* [DATA RECORDS]:
<<<<

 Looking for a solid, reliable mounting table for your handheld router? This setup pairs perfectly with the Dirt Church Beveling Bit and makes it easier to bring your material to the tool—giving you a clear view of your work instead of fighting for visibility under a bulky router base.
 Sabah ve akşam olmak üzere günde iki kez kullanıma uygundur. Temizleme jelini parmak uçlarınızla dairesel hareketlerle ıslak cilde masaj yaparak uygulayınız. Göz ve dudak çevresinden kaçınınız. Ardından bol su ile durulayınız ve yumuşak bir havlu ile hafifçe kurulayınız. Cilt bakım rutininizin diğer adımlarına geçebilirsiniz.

>>>>
<<<<

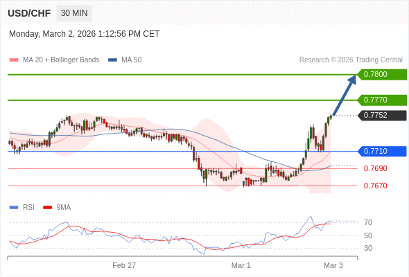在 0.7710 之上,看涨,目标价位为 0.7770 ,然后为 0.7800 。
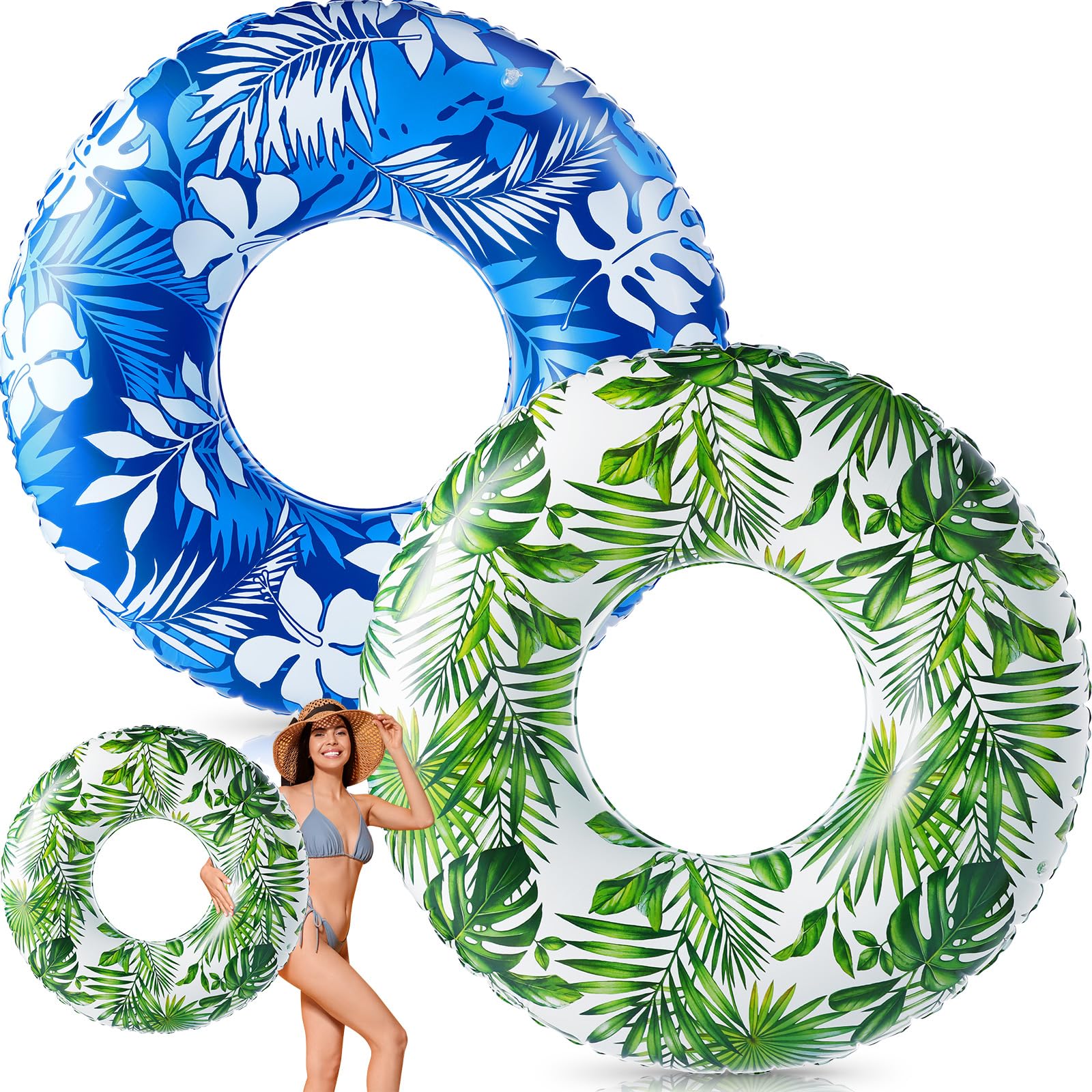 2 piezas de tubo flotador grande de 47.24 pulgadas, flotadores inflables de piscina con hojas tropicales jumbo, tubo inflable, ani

>>>>

* [YOUR INSTRUCTIONS]: Look above for the line holding "Looking for a" and the line holding "Sabah ve akşam", then output exactly those two lines and every line between them, nothing more.

* [SOLUTION BELOW]:
 Looking for a solid, reliable mounting table for your handheld router? This setup pairs perfectly with the Dirt Church Beveling Bit and makes it easier to bring your material to the tool—giving you a clear view of your work instead of fighting for visibility under a bulky router base.
 Sabah ve akşam olmak üzere günde iki kez kullanıma uygundur. Temizleme jelini parmak uçlarınızla dairesel hareketlerle ıslak cilde masaj yaparak uygulayınız. Göz ve dudak çevresinden kaçınınız. Ardından bol su ile durulayınız ve yumuşak bir havlu ile hafifçe kurulayınız. Cilt bakım rutininizin diğer adımlarına geçebilirsiniz.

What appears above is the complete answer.